8234160: ZGC: Enable optimized mitigation for Intel jcc erratum in C2 load barrier

Thu Nov 21 15:51:05 UTC 2019

Hi Vladimir,

Thank you for reviewing this patch.

On 11/21/19 12:12 PM, Vladimir Ivanov wrote:
> (Missed Paul's and your response when sending previous email.)
>
>> That is a good question. Unfortunately, there are a few problems 
>> applying such a strategy:
>>
>> 1) We do not want to constrain the alignment such that the 
>> instruction (+ specific offset) sits at e.g. the beginning of a 32 
>> byte boundary. We want to be more loose and say that any alignment is 
>> fine... except the bad ones (crossing and ending at a 32 byte 
>> boundary). Otherwise I fear we will find ourselves bloating the code 
>> cache with unnecessary nops to align instructions that would never 
>> have been a problem. So in terms of alignment constraints, I think 
>> such a hammer is too big.
>
> It would be interesting to have some data on that one. Aligning 5-byte 
> instruction on 8-byte boundary wastes 3 bytes at most. For 10-byte 
> sequence it wastes 6 bytes at most which doesn't sound good.

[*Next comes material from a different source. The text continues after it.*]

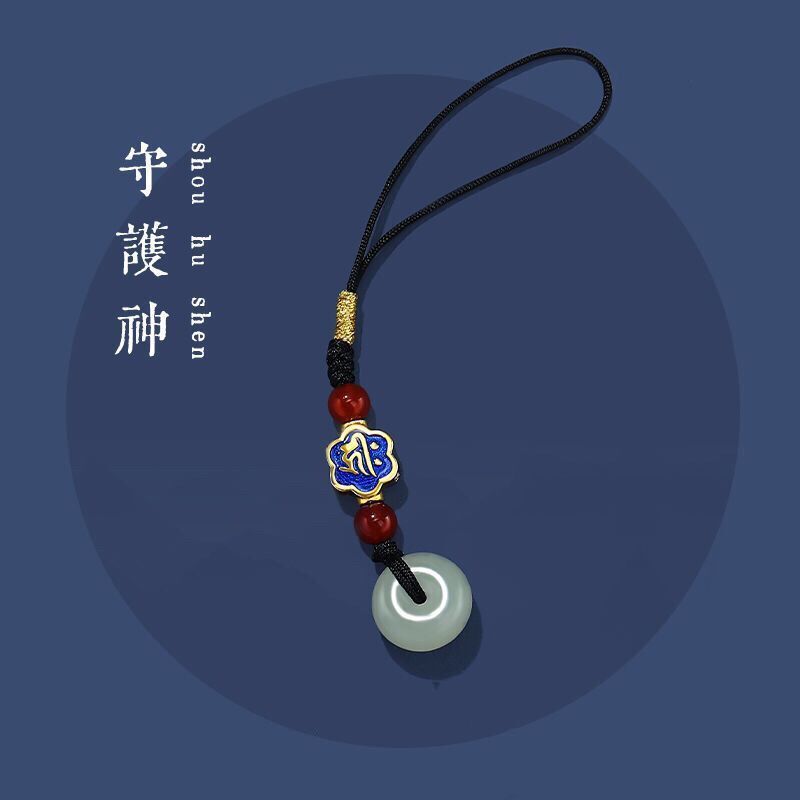 和田玉平安扣手機掛件女精致鑰匙鏈繩純銀十二生

I think you missed one of my points (#2), which is that aligning single 
instructions is not enough to remedy the problem.
For example, consider you have an add; jne; sequence. Let's say we 
decide on a magical alignment that we apply globally for
jcc instructions.
Assume that the jne was indeed aligned correctly and we insert no nops. 
Then it is not necessarily the case that the fused
add + jne sequence has the desired alignment property as well (i.e. the 
add might cross 32 byte boundaries, tainting the
macro fused micro code). Therefore, this will not work.
I suppose that if you would always put in at least one nop before the 
jcc to break all macro fusions of branches globally,
then you will be able to do that. But that seems like a larger hammer 
than what we need.

>
>> 2) Another issue is that the alignment constraints apply not just to 
>> the one Mach node. It's sometimes for a fused op + jcc. Since we 
>> currently match the conditions and their branches separately (and the 
>> conditions not necessarily knowing they are indeed conditions to a 
>> branch, like for example an and instruction). So aligning the jcc for 
>> example is not necessarily going to help, unless its alignment knows 
>> what its preceding instruction is, and whether it will be fused or 
>> not. And depending on that, we want different alignment properties. 
>> So here the hammer is seemingly too loose.
>
> I mentioned MacroAssembler in previous email, because I don't consider 
> it as C2-specific problem. Stubs, interpreter, and C1 are also 
> affected and we need to fix them too (considering being on the edge of 
> cache line may cause unpredictable behavior).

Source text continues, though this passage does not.